# Cultural Strangelove (continued)



## monkpeabody (Sep 15, 2004)

*Out onto Sidney's streets *

Out the door, down the hill to Manly Warf…easy!
As I headed down the hill that day to take my first of many trips across Sidney harbour, I began to notice just how beautiful this neighbourhood is. 
Incredible beaches and ocean on that side of the hill and rows of lovely houses with lush green lawns on this side of the hill! 
On the way down the hill I began to feel my spark coming back, the spring in my step returning! 
Listening to the Magpies singing and feeling the cool breeze from the harbour on my face…I closed my eyes and I exhaled! 
I’d been waiting to do that!
When I opened my eyes after I don’t know how long, I saw two officers one male one female heading up the hill towards me.
Damn! 
Had I lingered too long? 
Had someone looked out their window, seen a dark, dread locked stranger and called the cops?
Oh well, nothing to do but play this out. 
I continued down the hill. 
As we got closer, to my amazement they both took a step to the side and let me pass between them. 
As I passed I heard a voice say “G’day! …Do you need some help?”
(Did he actually say G’day?) 
Whatever it was that he did say, for a split second I heard “Up against the wall!” 
Well… I am from New York! 
However I resisted the urge to spread-eagle up against the nearest wall and instead said… “Just trying to make my way down to the ferry”.
He replied, “It’s just down there on the left”
Confused, I said “Thanks”
They turned and continued up the hill.
They must’ve thought I was insane! 
I went down there to the left, found the ferry and in 30 minutes or so I found myself in Darling Harbour. 
The place was teaming with people. 
Some sightseeing, some others just trying to beat the summer heat.
I’m just there in the middle of all the new sights and sounds & smells, lovin it. Realizing that just a few days ago I left New York as it was being covered in a blanket of snow! Yeah I was feeling pretty good. 
That’s when I heard it, off in the distance. 
That sound… Boom Tat!  Boom Boom Tat! 
The sound of Hip-Hop beats mixed with the sound of dribbling basketballs!
I let my ears lead me. 
Boom Tat!  
Down the path, through the chain link fence. 
Boom Boom Tat!
Until… just behind the wall in front of me, I knew there would be a scene I would recognise. 
Boom Tat!  
Black top! 
Boom Boom Tat!
And Black People. 
What an idiot I was!
What I saw that day was the effect of Afro-American culture upon a group of Australian youths that saw no colour in the culture. 
Or more rightly… Their colour did not exclude them from the culture!

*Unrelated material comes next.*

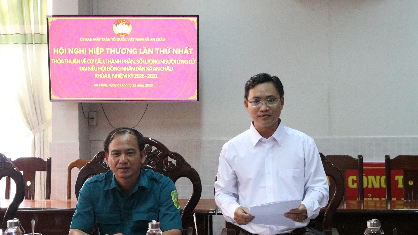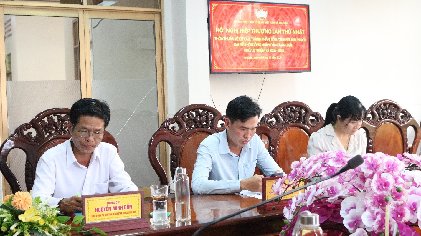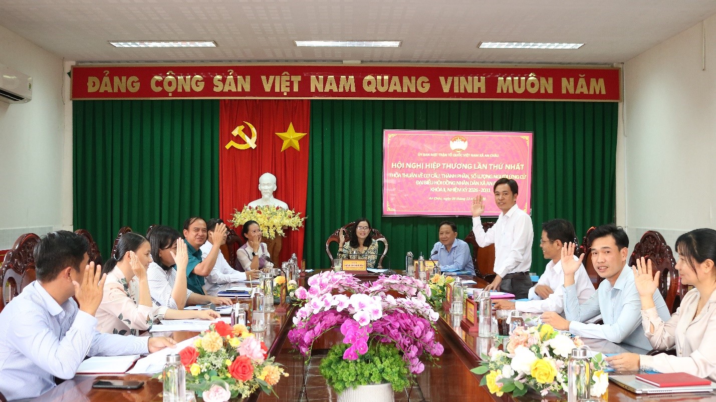 Chiều ngày 09-12-2025, Ban Thường trực Ủy ban Mặt trận Tổ quốc Việt Nam xã tiến hành Hội nghị hiệp thương lần thứ nhất để thỏa thuận cơ cấu, thành phần và số lượng người được giới thiệu ứng cử đại biểu Hội đồng nhân dân xã An Châu nhiệm kỳ 2026-2031.

In my mind the voice – over said… 
“All things are as they were… Only the colours have been changed …to protect the innocent!”


----------



## LittleTeddy (Sep 16, 2004)

:roll: Good writing
Here your feelings are well captured 
I have lived in Australia for a long time, but I have never once heard the phrase 
Afro –American , not even on a TV show
What deos it really mean? And is this an official word for people who have dark skin? in USA


----------



## monkpeabody (Sep 16, 2004)

Ahh... you've hit the nail on the head!
What does it mean?
It does not simply refer to dark skin colour, because there are many that have quite light skin but are still Afro-American or African American. The Phrase is out there and used frequently. All I know is no one's ever asked me about it. If they had they would know I would just like to be called "Monk".


----------